If auto plants remain shuttered into May, Sotelo said he will have to let employees go as the company is facing cash flow problems.

About 60 percent of Fletes Sotelo’s employees are still working, many from home, he said. The company has sent home workers over the age of 60 and those with underlying health problems, Sotelo said. Other workers have accepted reduced shifts and paychecks. The company’s drivers work in alternate shifts, according to Sotelo, and those coming into the office follow safety measures like physical distancing, regular temperature checks, and hand-washing.

Eight factory workers in Juarez who tested positive for COVID-19 have died from the virus, Mexico’s public health service IMSS said in a press conference.

“Unfortunately, for a trucking company, it’s tough to work from home,” Sotelo said.

Businesses given the cold shoulder

Business leaders in Mexico have repeatedly asked the government for tax relief and other stimulus measures to offset losses private-sector companies face because of virus-induced shutdowns.

“What we are trying to prevent are mass lay-offs,” said Luis Aguirre, the head of INDEX, Mexico’s national maquila association, who, along with other business chambers, wrote to Mexican President Andres Manuel Lopez Obrador last month asking for fiscal relief. INDEX represents more than 6,000 manufacturing companies.

Similarly, the tourism industry is asking for payment deferrals, said Quintana Roo Minister of Tourism Marisol Vanegas, so companies have enough liquidity for payroll and to pay suppliers. The sun-drenched Caribbean state in which she works has been hit particularly hard by the drop in demand.

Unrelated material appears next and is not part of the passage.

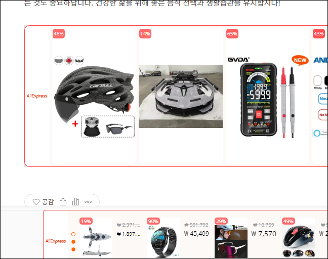 - 본문 상단 혹은 하단 중 한 곳에 랜덤으로 노출됩니다.
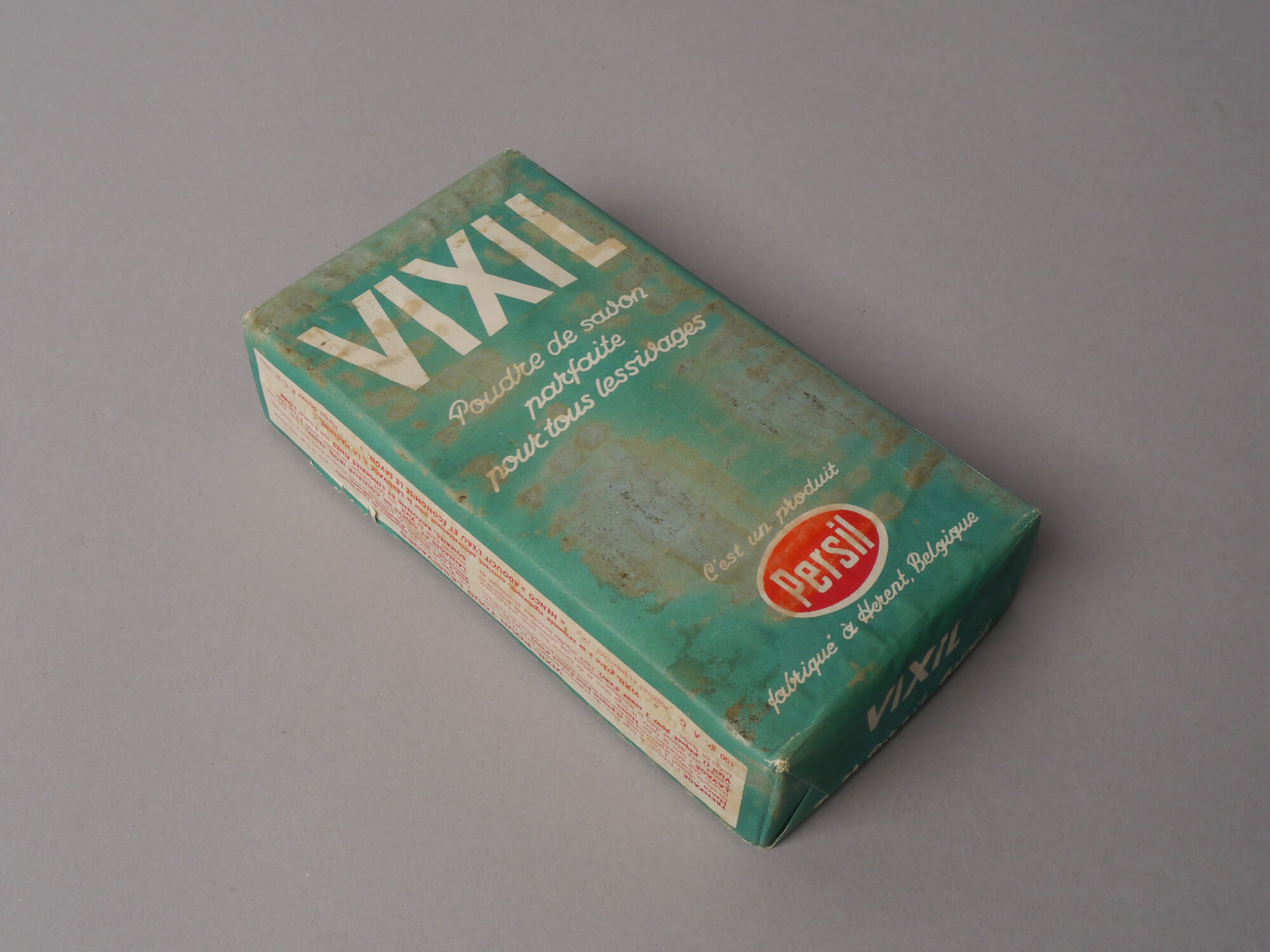 - opschriften: VIXIL / Volmaakt / zeeppoeder / voor alle was / Het is een product / Persil / vervaardigd te Herent, België

So far, Lopez Obrador has authorized no extra borrowing, tax relief, or bailouts. He has pledged millions of loans worth about $1,000 to individuals, households, and small businesses that employ fewer than 10 people.

Economists warn that how Mexico handles its twin health and economic crises will have important implications for investor confidence in the future.

“The shock provides an opportunity to make policies more consistent to attract investment,” says Martin Castellano, an economist at the Institute of International Finance in Washington, DC.

“That’s something we haven’t seen so far in Mexico,” he said.

A bruised tourist industry

In few places is the pandemic’s economic damage as visible as resort cities like Cancun and Tulum. Local shutdown measures and a steep drop in travellers, many from the US, have dealt a devastating blow to tourism. The sector accounts for 8.5 percent of Mexico’s GDP.

Scores of hotels have closed. Nearly 64,000 jobs were lost between March 13 and April 6 in Quintana Roo. Hotel occupancy is now below 4 percent, according to state tourism minister Vanegas.

To make matters worse, tourism is among Mexico’s most significant sources of foreign exchange income alongside manufactured exports, remittances, and oil revenue.

As the US’s economic crisis deepens, Mexico’s tourism sector may face prolonged loss. Last year, more than 32 million US citizens visited Mexico by land and air, making it the top foreign travel destination for people living in the US.

The recovery will not be quick, said Vanegas. “What we conceive of now as tourism may not recover in its entirety.”